I try to keep my voice low, but the pressure inside me is building.
“Not the future I want.” He reaches for my hand and I let him take it. “I want us to get married and start a family.”
“Don’t be silly,” I say, but I can tell by the look on his face he’s serious. “We just graduated.” I try to withdraw my hand,
but he pulls it closer to him.
“Let’s stop wasting time.” He’s kissing the place behind my ear. The place he knows drives me crazy. “Courtney and Kieron.
Sara and Neil. Jasmine and David. They’re all getting married. Sara’s already pregnant.”
I try to focus on what he’s saying, not what he’s doing. “What about our vow? We promised. We can’t give in to the government.
Not now…” I stop talking because he’s not listening. He’s wrapping his arms around me, secretly caressing the side of my breast.
My body flushes.
“Ethan, please,” I say, but I’m happy for my body’s response. He kisses a line from my ear to the nape of my neck. I enjoy
the sensation until I think of Braydon. “Ethan.” I wriggle free.

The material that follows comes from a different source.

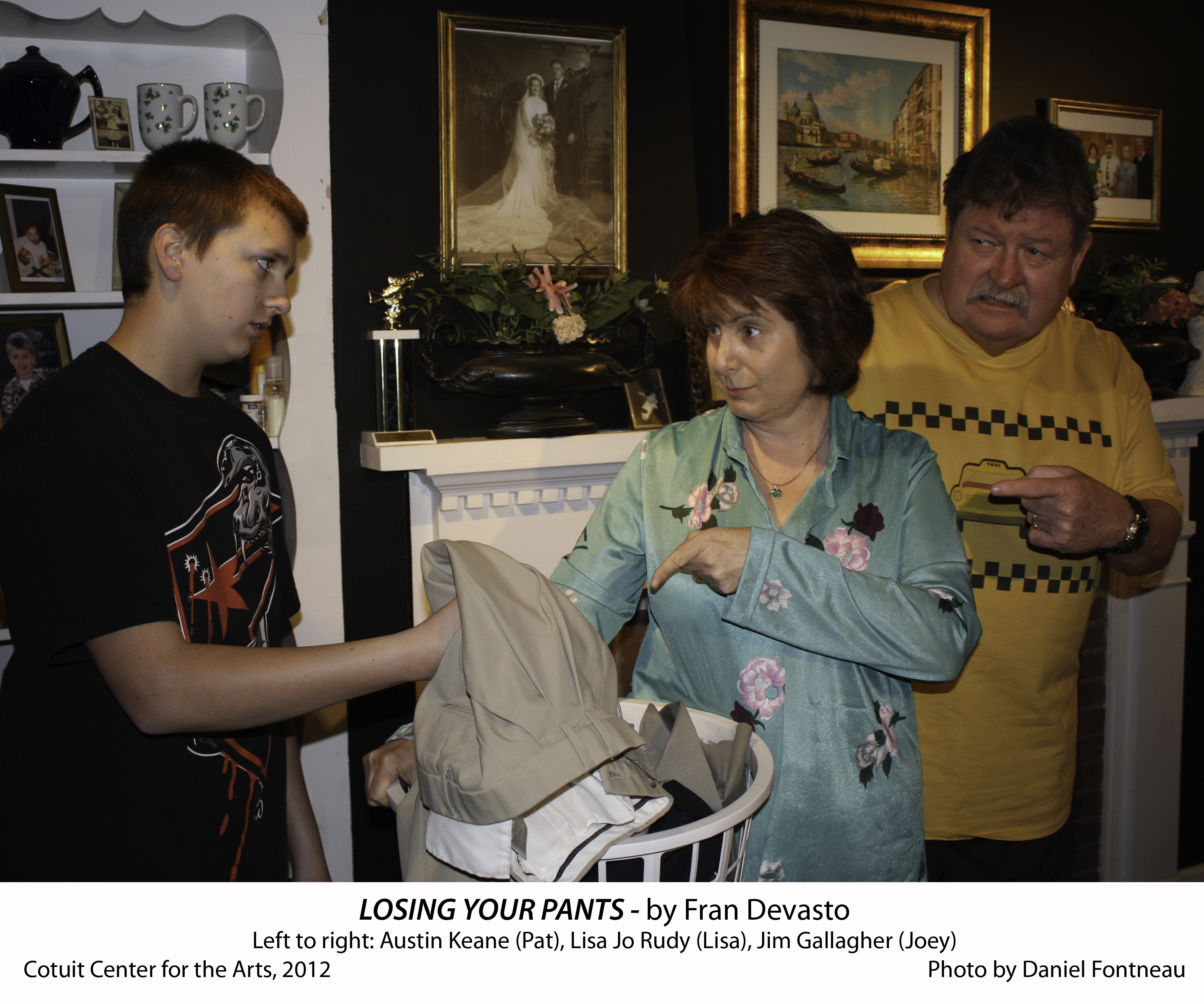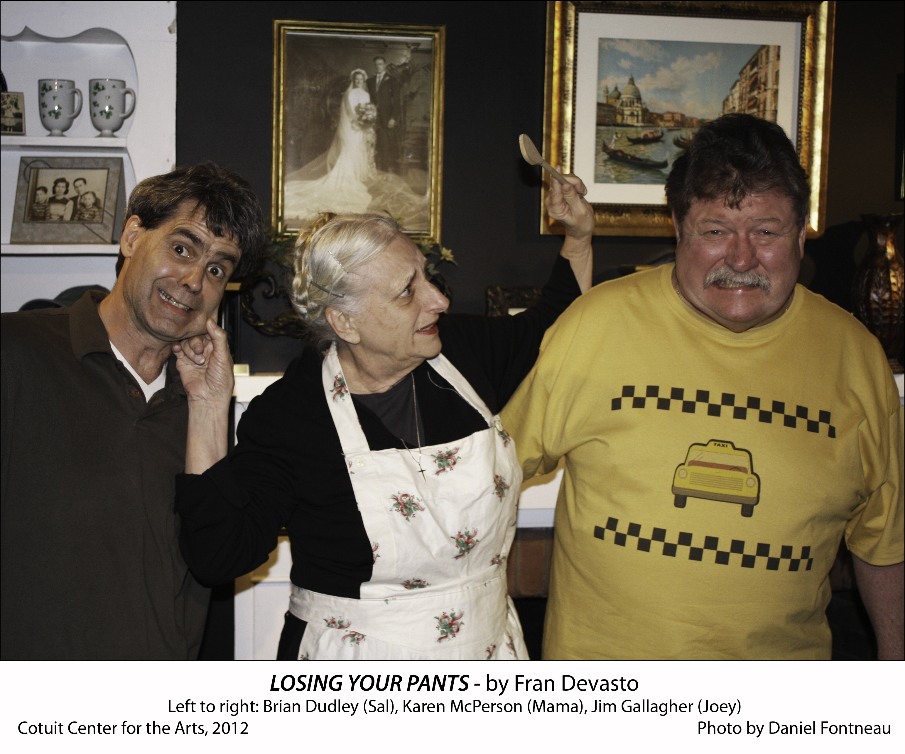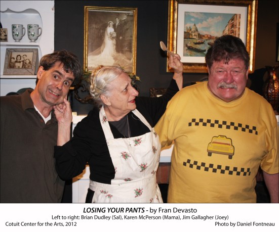 “Losing Your Pants was written by Fran DeVasto of Wellfleet and is based in part on his own extended Italian family. It is directed by PJ McKey, who makes it look like the play was written just for this space. (In fact, thought, the playwright’s goal is to use this Black Box run to test the play out for future runs in larger theaters, and that, too would work well, giving the characters more room to emote.)

He clears his throat. “We’re adults now, Neva. We need to start acting like ones.”
Where’s all this coming from? “Some arbitrary date on the calendar and some ceremony doesn’t mean—”
“Neva, I need to tell you something,” he interrupts. But he doesn’t say anything. He removes his watch and places his hand,
palm-side up, on the table. There’s a thin red line, like a cat scratch, hidden among the blue veins in his wrist, the place
usually covered by his watch.
“What’s that?” I ask, and reach out to touch it, but he turns away. “Ethan?”
“It’s a tracking device. They implanted it after I was arrested.” His back is to me so it feels as if I’m eavesdropping. I
can’t have heard him right. A tracking device? “They said that they will track my movements. If I go a year without any other
incidents then they will remove the device.”
I don’t want him to turn around. I don’t want him to see the shocked look on my face. If I’m with him, the police know exactly
where to find me. He feels contaminated. I cross my arms tight across my chest. He’s waiting for me to say something, but
my mouth is dry.
“I can’t be caught gathering with other people with tracking devices,” he continues. “If they see a cluster of us together
for too long, they’ll bring us in.”
I look around. Are they watching us now? I want him to take it back. Tell me it’s a joke. He used to have such a wicked sense
of humor. He regularly reset the clock in our history class ahead fifteen minutes so we got out of school early. He always
slipped in later and changed it back so the teacher was none the wiser. He was always doing little pranks like that. But when
he turns toward me, I can see it’s no joke. His eyes appear darker, haunted, next to his pale skin. “How could you keep this
from me?”
“Because of that.” He points to my face. “That look.”
I try to change my expression, but my face feels set in stone.
“So much is changing, Neva. I wanted—no,
needed
—us to stay the same.” He moves in for a kiss. I am repelled, but I force myself to give him a quick peck on the lips.
“I love you,” he says.
“Why are you telling me this now?” I search his eyes for something familiar.
“I don’t want this to happen to you,” he says, glancing at the thin red line on his wrist. I don’t know if he means thetracking device or the way that it has drained the life out of him.
I caress his tiny scar with my finger. I can feel it there, right below the surface of his skin, a thin square. “Does it hurt?”
He shakes his head.
“I didn’t know that the government had started—”
“Me neither.”
“We’ve got to tell everyone. The government can’t do—”
“Please, Neva, no. I was forbidden to tell anyone.” He takes my hands in his. “Promise me.”